Museum in Atlanta, Georgia

The Herndon Home is a historic house museum and National Historic Landmark at 587 University Place NW, in Atlanta, Georgia. An elegant Classical Revival mansion with Beaux Arts influences, it was the home of Alonzo Franklin Herndon (1858-1927), a rags-to-riches success story who was born into slavery, but went on to become Atlanta's first black millionaire as founder and head of the Atlanta Life Insurance Company. The house was designed by his wife Adrienne, and was almost entirely built with African-American labor. The house was declared a National Historic Landmark in 2000, and had previously been declared a "landmark building exterior" by the city of Atlanta in 1989.

==Description and history==
The Herndon Home is located in Atlanta's Vine City neighborhood, adjacent to the campus of Morris Brown College (formerly the campus of Atlanta University) on the north side of University Place NW. It is a two-story rectangular structure, faced in brick, with a flat, balustraded roof, porches projecting from the sides, and a massive neoclassical entrance portico, supported by large paired columns. The entrance is framed by wide sidelight windows and topped by a semi-oval transom, all windows displaying etching and tracery. The building is capped by a full entablature and modillioned cornice. The flat roof is usable as an open terrace, although it was reported to be in poor condition in 2000. The building interior is elaborately fitted with original period wood, stone, and plaster. The main living rooms have murals on the wall depicting elements of the Herndon family history.

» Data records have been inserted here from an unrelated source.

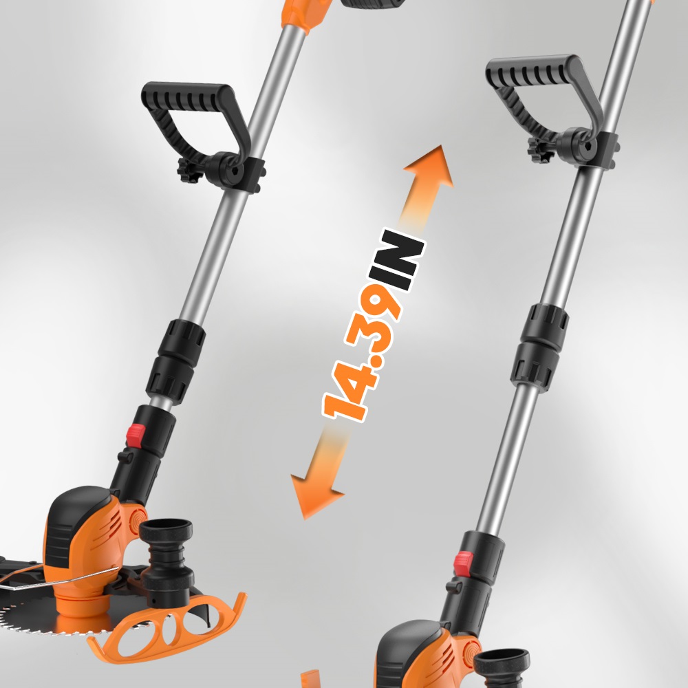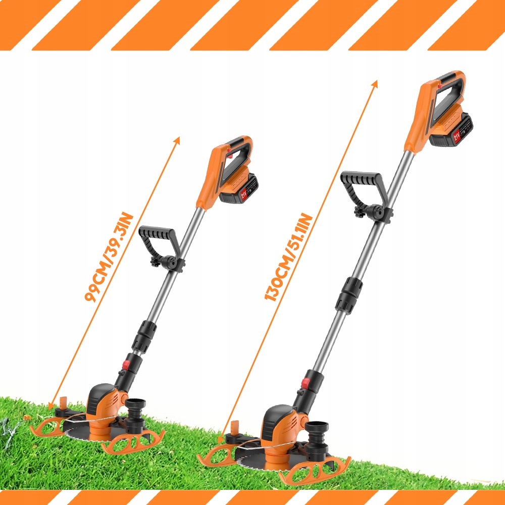 ▶️Ріжуча головка регулюється від 0° до 90°, а довжина ручки регулюється від 39,3 до 51,1 дюйма,забезпечуючи легке пристосування до росту та косіння.
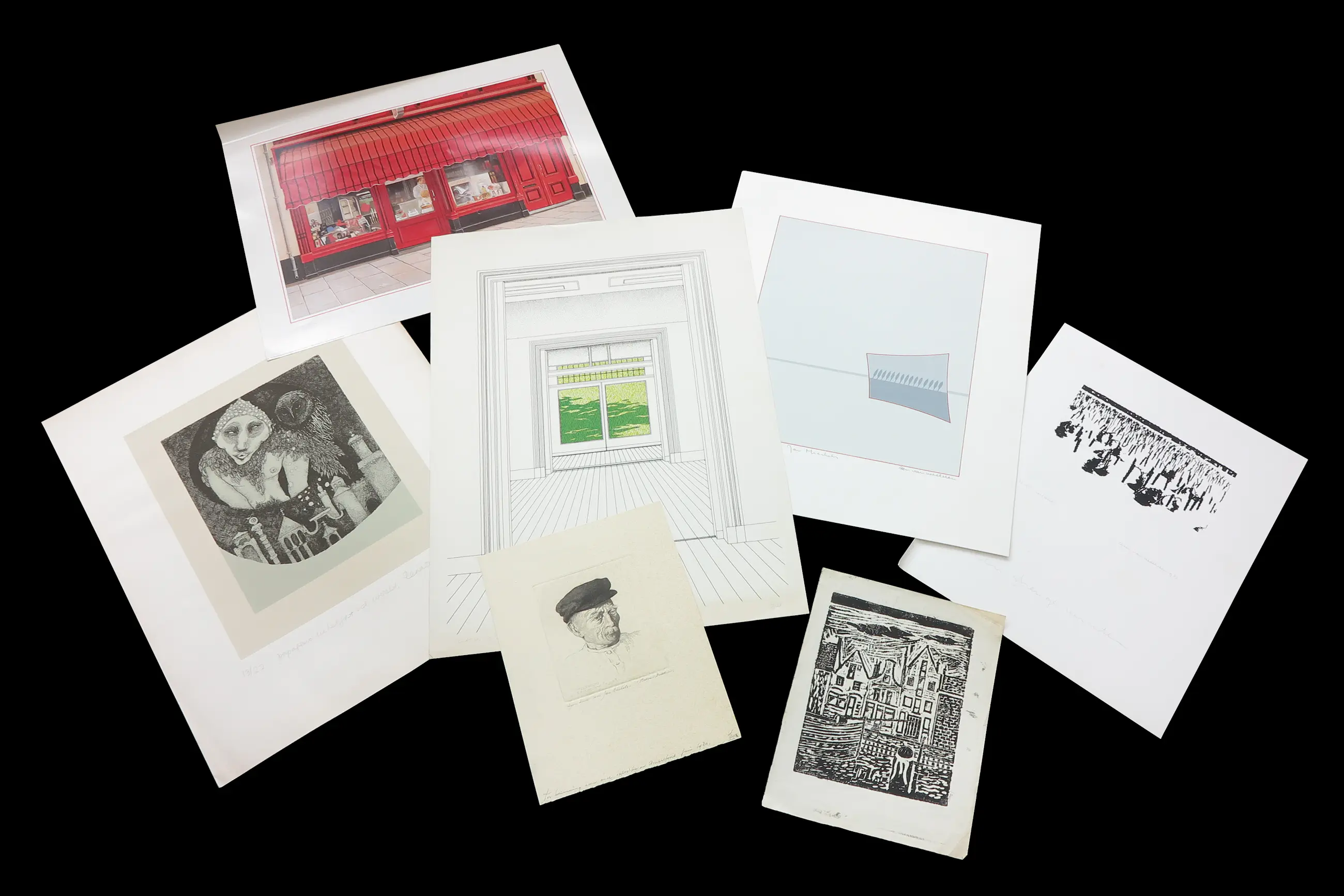 Lot met grafisch werk van diverse kunstenaars zoals Piet van Dokkum, Renate Carelse en Leen van Weelden.
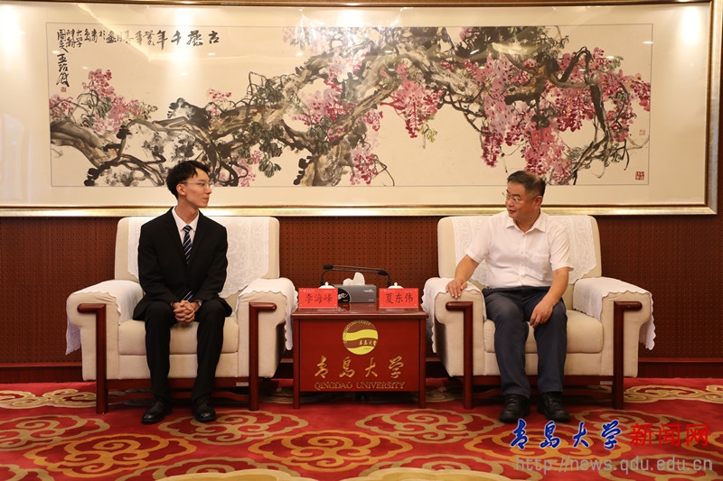 新闻网讯 8月21日下午,校长夏东伟在办公楼204接待室接见金年金参加全国学联第二十七次代表大会代表李海峰同学,并同他亲切会谈。
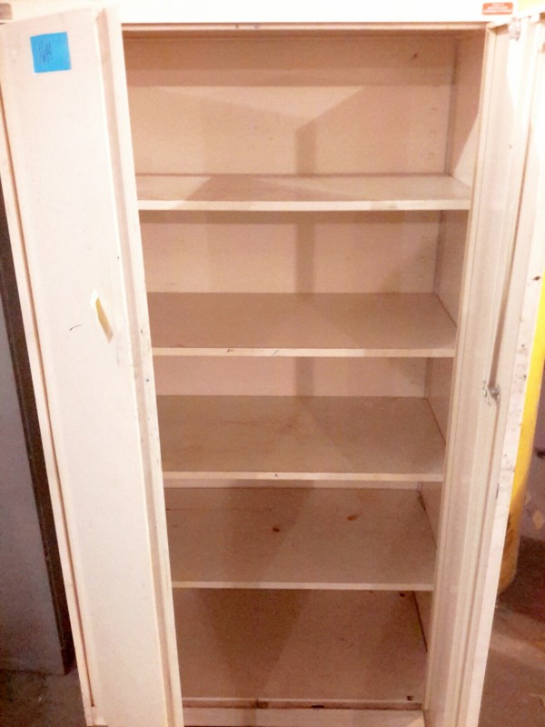 Description: 2 door white metal cabinet - 1 each. Has 4 shelves and has no key to it.
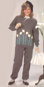 I'll bet that, in this recent season of thankfulness, you forgot to mention your gratitude that this outfit is not in style. I can't even wrap my mind around it to be honest. Cast your eye over it again. Did you forget to notice the dressy gloves paired tastefully with a sweatsuit? I'll be you did. No one expects gloves. And honestly, I'm still stalled out back at the SWEATSUIT! With tastefully appliqued floral motifs upon the sweatshirt, no less.
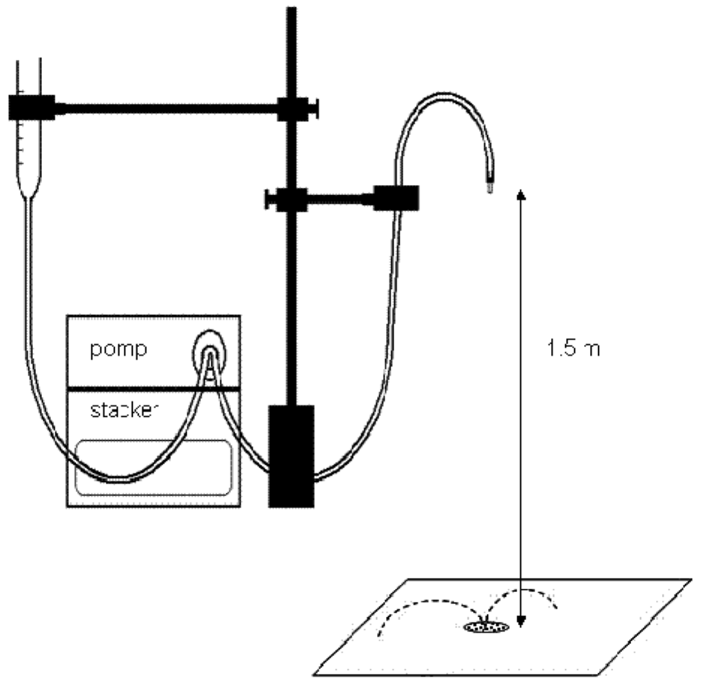The droplet-forming system (Figure 1) consisted of: (a) an Aqua-trend Series 100 Micro Peristaltic Pump with a flow rate of 0.96 mL/min, coupled with a device controlling single or continuous droplet dispensing; (b) a water container connected with the pump by water inlet hoses; (c) a hose transporting water from the pump to the pipette, from which water drops detached freely under gravitational force; and (d) a stand for precise ejection of droplets onto a defined site from a defined height. Droplets with a diameter of 4.18 mm falling freely from a height of 1.5 m were used for the measurements.
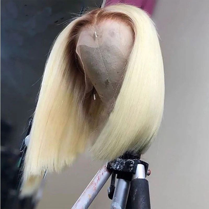 Парики женские прямые светлые с эффектом деграде, короткие, с естественной линией волос
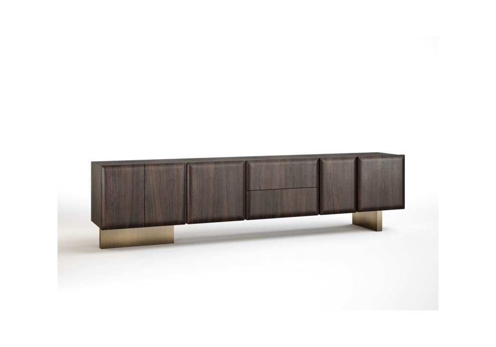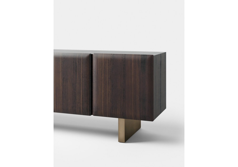Aiko conçu par Giuliano et Gabriele Cappelletti pour Emmemobili est un buffet en bois de chêne, avec portes et tiroirs à façades façonnées, Proposé avec base en bois ou recouvert de laiton. Disponible en différentes versions et différentes tailles.
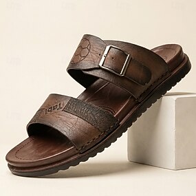 Sandali da uomo in similpelle marrone con cinturino con fibbia retrò e supporto plantare, perfetti per le passeggiate quotidiane, per l'uso all'aperto e per i viaggi in vacanza.
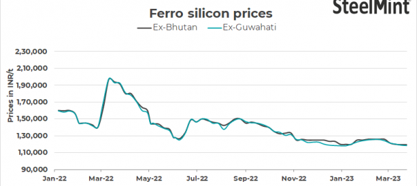 According to SteelMint’s assessment on 24 March, ferro silicon (70%) prices were hovering at INR 117,500-120,000/t exw from the major producing hubs of Guwahati and Bhutan, with 1,000 t of transactions heard this week.
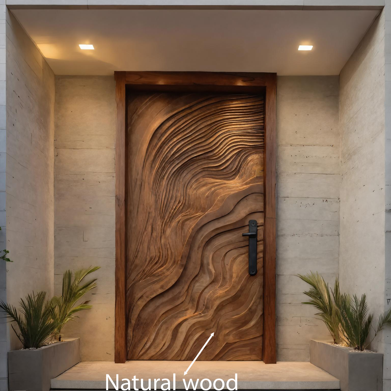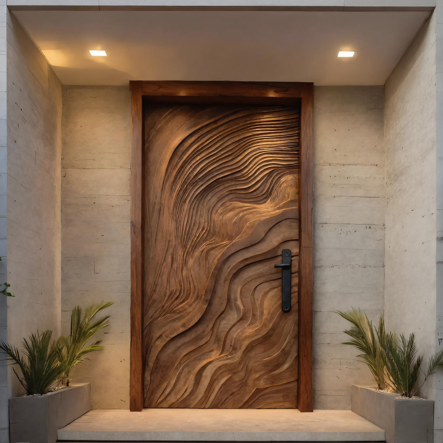 This front door features a sculpted 3D wave pattern that captures light and shadow, adding visual texture and warmth to the entrance. The organic curves contrast beautifully with the clean rectangular frame, giving the piece both structure and fluidity. Ideal for modern homes, villas, or creative studios seeking a distinctive focal point.
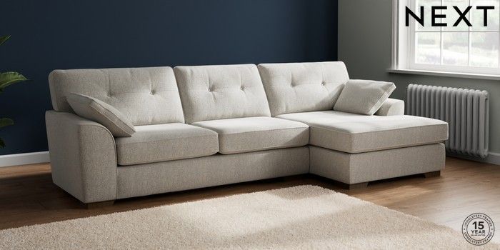7.2.10 Stamford Buttoned Back Large Sofa Chaise - Right Hand Multi Weave Light Blue Large Square Angle - Mid | Made Click here to use our website with more accessibility support, for example screen readers
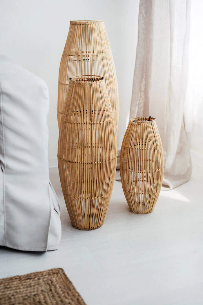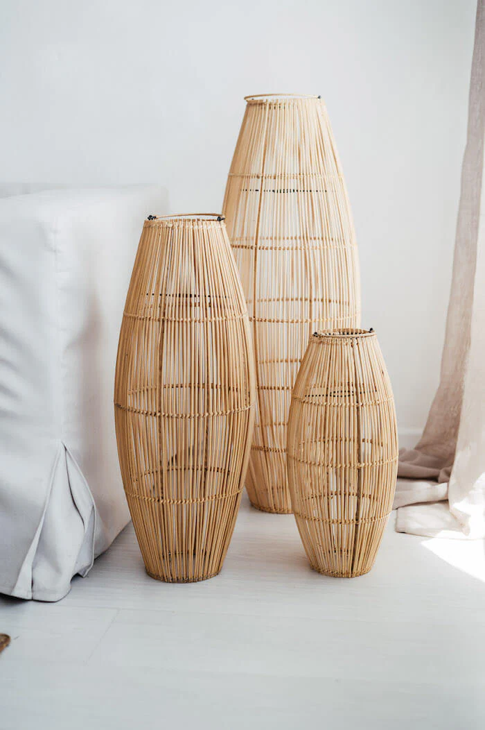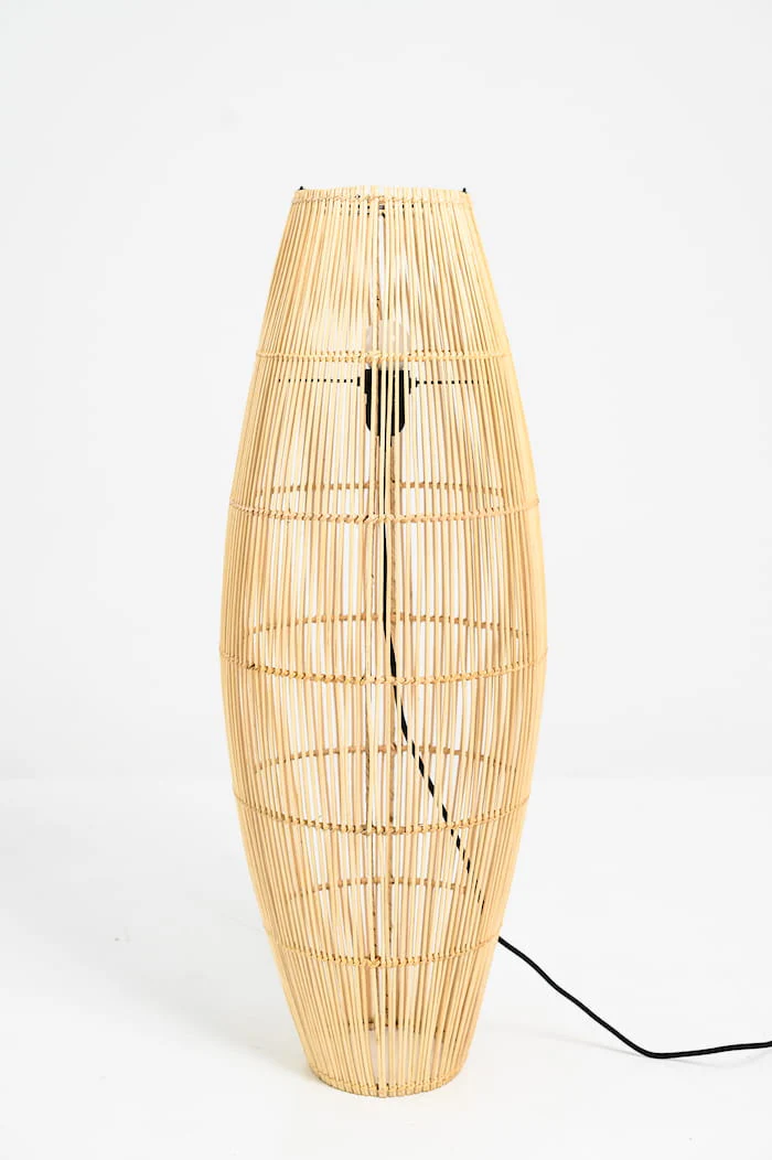 Imponująca sylwetka lampy podłogowej Maxi L to propozycja dla tych, którzy szukają oświetlenia o dużej skali i wyrazistym, organicznym charakterze. Dzięki wysokości 83 cm, ten największy model z serii Maxi przestaje być jedynie dodatkiem, a staje się pełnoprawnym elementem wyposażenia, który potrafi zdominować przestrzeń swoją naturalną szlachetnością. Wykonana z gęsto plecionego rattanu, lampa ta wnosi do domu spokój i harmonię, przywodząc na myśl luksusowe wnętrza ekologicznych kurortów.
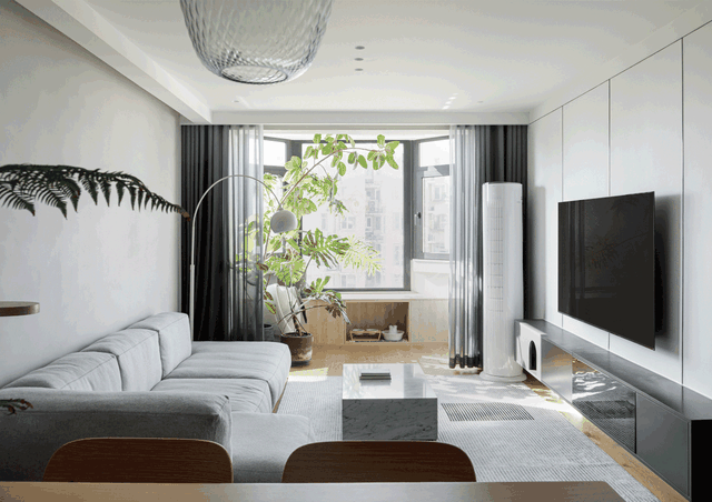 客厅HAY的转角沙发搭配menu的大理石系列茶几,简约大方,左侧的电视柜是直接穿过墙体进入主卧的,一半客厅使用,一半卧室使用。
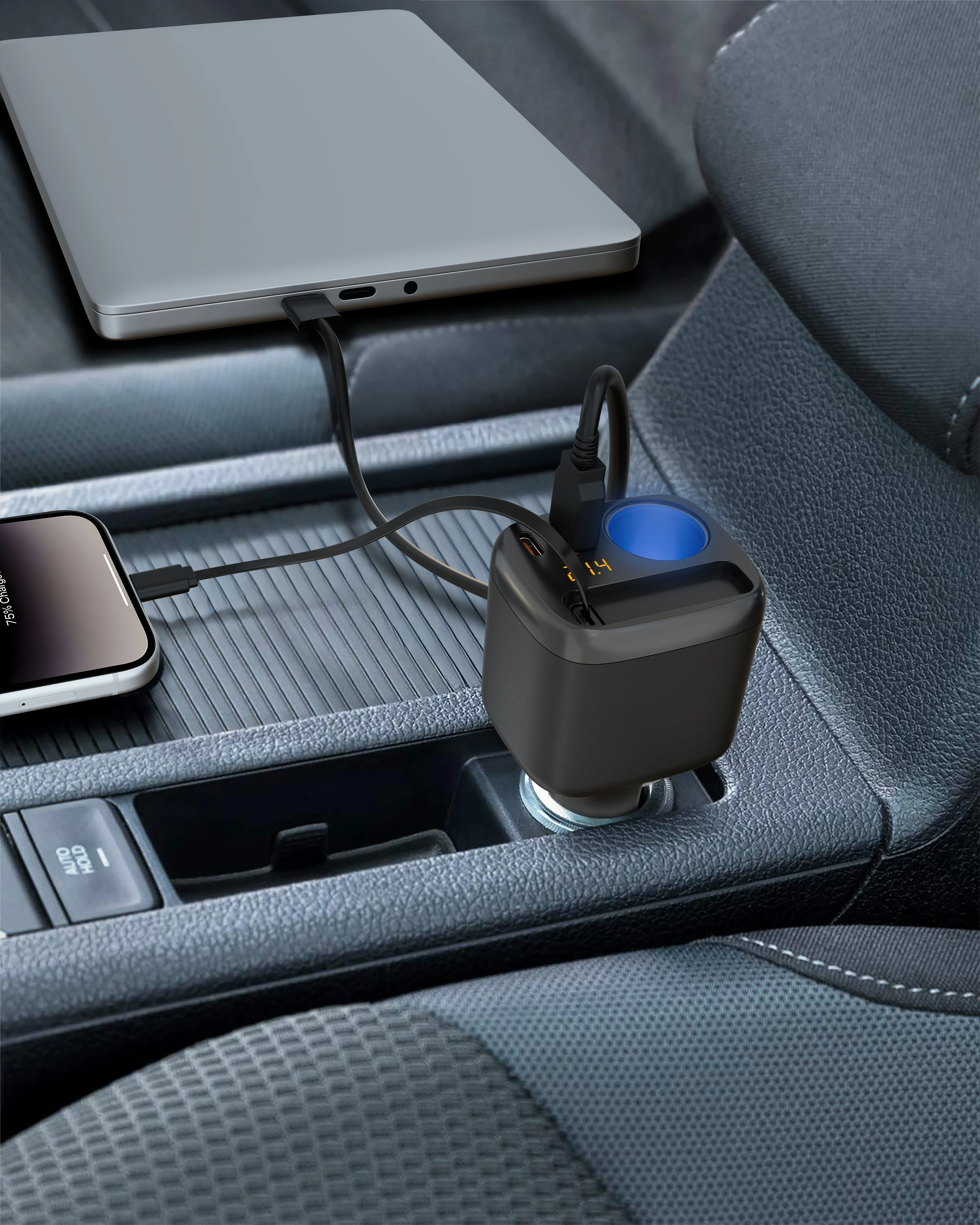 Designed to operate safely within a temperature range of 0°C to 40°C, the charger includes a retractable 60 cm cable for convenience and portability. It accepts input voltage ranging from 12V to 24V DC, making it compatible with various power sources. Equipped with fast multi-charging technology and smart charging protocols, this charger ensures efficient, safe, and adaptive power delivery, making it ideal for users needing reliable and flexible charging for multiple devices.
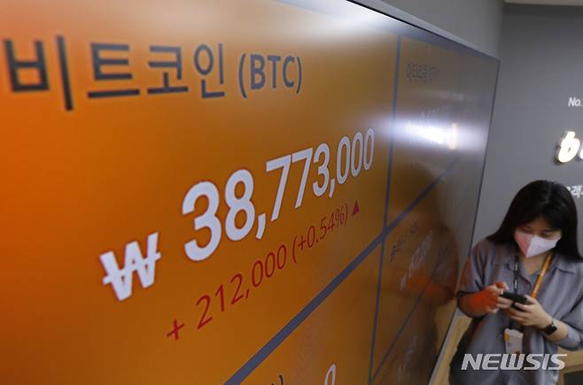 [서울=뉴시스] 고승민 기자 = 비트코인이 연중 최저가 안팎에서 고전중인 23일 서울 서초구 빗썸 고객지원센터에서 관계자가 시세를 확인하고 있다. 최근 비트코인을 포함한 코인시장 전반이 조정세를 겪고 있다. 루나와 스테이블 코인 테라의 폭락 사태 때문이다. 금융위원회와 금융감독원은 최근 루나 사태와 관련해 국내 거래소를 통해 스테이블 코인의 유의점을 적극 알리도록 권고했다. 2022.05.23. kkssmm99@newsis.com

The house was built in 1910 for Alonzo and Adrienne Herndon. Much of the building's design is credited to Adrienne, who was a drama teacher at Atlanta University, and had intended the rooftop terrace, from which the university campus was visible, as a performance venue. According to available documentation, all of the work on the mansion, except for its electrical and plumbing systems, was performed by African-American laborers and contractors.

Alonzo Herndon was born into slavery in 1858, and was freed, while still a child, by the American Civil War. From this virtually penniless beginning, Herndon built a chain of barbershops in Atlanta, and in 1905 founded the Atlanta Life Insurance Company, which grew to become the nation's largest African-American-owned insurance company, and made him a millionaire. Herndon's son Norris continued to run Atlanta Life until his own death in 1955.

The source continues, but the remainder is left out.